The scope tree represents the nested lexical scopes in your code.

Scope Types

Different language constructs create different types of scopes:

// Program scope (top-level)
const global = 1;

// Function scope
function outer() {
    var functionScoped = 2;
    
    // Block scope
    if (true) {
        let blockScoped = 3;
        const alsoBlockScoped = 4;
    }
    
    // Another function scope
    function inner() {
        let nested = 5;
    }
}

// Class scope
class MyClass {
    method() {
        let methodScope = 6;
    }
}

Each scope knows:

Its parent scope
What bindings (variables) it declares
Its scope flags (function, block, strict mode, etc.)

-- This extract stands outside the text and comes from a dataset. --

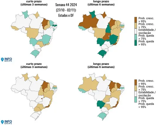 A atualização mostra também que 11 das 27 unidades federativas, até a SE 44, sinalizam crescimento de SRAG na tendência de longo prazo (últimas seis semanas): Amazonas, Amapá, Bahia, Ceará, Espírito Santo, Goiás, Maranhão, Mato Grosso, Pernambuco, Piauí e Rio de Janeiro. Entre as capitais, dez apresentam aumento de casos de SRAG – Goiânia, Macapá, Manaus, Salvador, São Luís, São Paulo, Rio de Janeiro Teresina e Vitória. O Acre não aparece nesta lista.

Accessing Scope Information

use oxc_syntax::scope::{ScopeFlags, ScopeId};

let scoping = semantic.semantic.scoping();

// Iterate over all scopes
for scope_id in scoping.scope_ids() {
    let flags = scoping.get_flags(scope_id);
    
    println!("Scope {:?}:", scope_id);
    println!("  Is function scope: {}", flags.contains(ScopeFlags::Function));
    println!("  Is strict mode: {}", flags.contains(ScopeFlags::StrictMode));
    
    // Get parent scope
    if let Some(parent_id) = scoping.get_parent_id(scope_id) {
        println!("  Parent: {:?}", parent_id);
    }
    
    // Get bindings in this scope
    if let Some(bindings) = scoping.get_bindings(scope_id) {
        for (name, symbol_id) in bindings {
            println!("  Binding: {} -> {:?}", name, symbol_id);
        }
    }
}

Scope Hierarchy Example

For this code:

const x = 1;
function foo() {
    const y = 2;
    if (true) {
        const z = 3;
    }
}

The scope tree looks like:

Program Scope (id: 0)
  └─ bindings: { x -> Symbol(0), foo -> Symbol(1) }
  └─ child:
      Function Scope (id: 1) [for foo]
        └─ bindings: { y -> Symbol(2) }
        └─ child:
            Block Scope (id: 2) [for if]
              └─ bindings: { z -> Symbol(3) }

Symbol Table

The symbol table records every declared identifier in the program.

Symbol Properties

Each symbol has:

Name: The identifier name
Span: Source location of declaration
Flags: Type of declaration (var, let, const, function, class, etc.)
Scope: Which scope it belongs to
References: All places it’s used

use oxc_syntax::symbol::{SymbolFlags, SymbolId};

let scoping = semantic.semantic.scoping();

// Iterate over all symbols
for symbol_id in scoping.symbol_ids() {
    let name = scoping.symbol_name(symbol_id);
    let flags = scoping.symbol_flags(symbol_id);
    let span = scoping.symbol_span(symbol_id);
    let scope_id = scoping.symbol_scope(symbol_id);
    
    println!("Symbol: {}", name);
    println!("  ID: {:?}", symbol_id);
    println!("  Flags: {:?}", flags);
    println!("  Declared at: {:?}", span);
    println!("  Scope: {:?}", scope_id);
    
    // Check symbol type
    if flags.contains(SymbolFlags::BlockScopedVariable) {
        println!("  This is a let/const variable");
    }
    if flags.contains(SymbolFlags::Function) {
        println!("  This is a function");
    }
}

Symbol Flags

Common symbol flags:

SymbolFlags::BlockScopedVariable - let or const
SymbolFlags::FunctionScopedVariable - var
SymbolFlags::Function - Function declaration
SymbolFlags::Class - Class declaration
SymbolFlags::CatchVariable - Catch clause parameter
SymbolFlags::ConstVariable - const declaration
SymbolFlags::Import - Import binding
SymbolFlags::Export - Export declaration

These flags help tools understand how identifiers behave. For example, a linter checking for variable reassignment needs to know if something is declared with const.

Reference Resolution

The semantic analyzer links every identifier reference to its declaration.

Understanding References

const x = 42;        // Symbol: x (declaration)
function foo() {
    console.log(x);  // Reference: x -> Symbol x (read)
    const y = x + 1; // Reference: x -> Symbol x (read)
    return y;        // Reference: y -> Symbol y (read)
}
foo();              // Reference: foo -> Symbol foo (read)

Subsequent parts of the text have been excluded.